Study of electromagnetic wave propagation in active medium and the equivalent Schrodinger equation with energy-dependent complex potential

TL;DR

This paper explores the analogy between electromagnetic wave propagation in active media and quantum mechanics by modeling the system with a complex, energy-dependent potential in the Schrödinger equation, revealing stability thresholds.

Contribution

It introduces an energy-dependent complex potential framework to represent active medium wave propagation and analyzes stability thresholds via quantum analogies.

Findings

Identification of a frequency-dependent gain threshold for stability.

Demonstration of pole crossing in the complex energy plane.
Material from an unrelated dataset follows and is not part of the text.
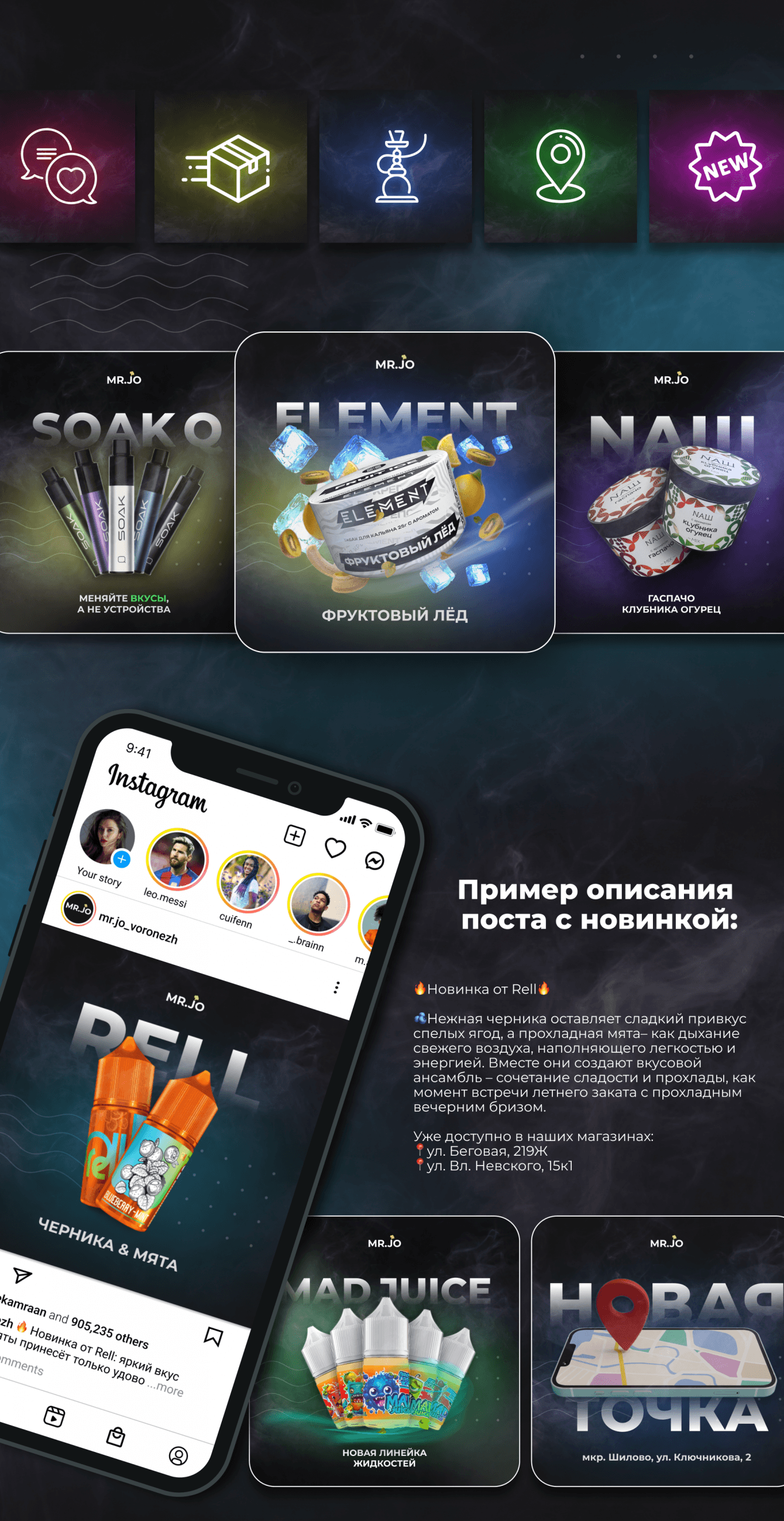 Благодаря проделанной работе сеть "Mr. Jo" значительно обошла конкурентов по уровню привлекательности продукта. Теперь наблюдается стабильный рост активности в социальных сетях компании. Заказчик более чем доволен.
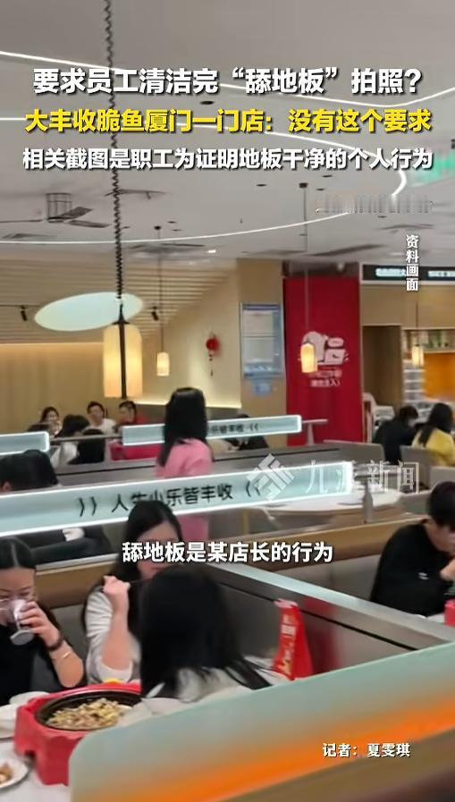 “离了个大谱!”近日,福建厦门,有网友发视频称,一饭店打扫完卫生后,需要舔地板拍照上传。视频引起了轩然大波。事后,涉事饭店回应称,这是员工个人行为,为了证明卫生干净,并非饭店工作要求。网友:大清不是亡了么! 据媒体4月16日报道,该网友发布的视频显示,一位员工用舌头舔了地板,照片上好还配文,“洁净,是美学,也是底线”。网友发布时称,这个消息是他从一个朋友那里听来的,他这个朋友在这家饭店里上班,被这么要求。 视频发出后,网上反响热烈,不少网友都怒斥,饭店践踏人格尊严,对此展开了声讨。那么,事情真的是这样么? 涉事店家回应,他们没有这样的要求,照片是以前拍的一个夸张宣传,舔地板的是一位店长,为了证明地板是干净的。另一个店的员工也回应,这是员工的个人行为。 事后,该店家报了警,平台也认定内容不实,该网友也已经将内容删除。 尽管如此,但广大网友并不买账,证明地板干净的方法有很多种,为什么非得选择这个呢?而且,作为一个饭店,最应该保持干净的是食材,何必拿一个地板说事。 这种并不是为了证明卫生有多好,更像是哗众取宠,或者宣扬自己的权威。真的为了干净,就应该去死磕厨房、食材! 信息来源:《4月16日,福建厦门,大丰收脆鱼一

Comparison between time-dependent and stationary solutions.

Abstract

We study the massless limit of the Klein-Gordon (K-G) equation in 1+1 dimensions with static complex potentials as an attempt to give an alternative, but equivalent, representation of plane electromagnetic (em) wave propagation in active medium. In the case of dispersionless em medium, the analogy dictates that the potential in the K-G equation is complex and energy-dependent. In the non-relativistic domain we study an analogous inertial system by considering wave packet propagation through a complex potential barrier and solve the time-independent Schrodinger equation with a potential that has the same energy dependence as that of the K-G equation. The behavior of these solutions is compared with those found elsewhere in the literature for the propagation of electromagnetic plane waves in a uniform active medium with complex dielectric constant. Our study concluded that the discrepancy between the time dependent and stationary results is due to the energy poles crossing the real axis in the complex energy plane. It was demonstrated unambiguously that there is a frequency (energy) and size dependent gain threshold above which the stationary results become unstable. This threshold corresponds to the value of the gain at which the pole crosses the real axis.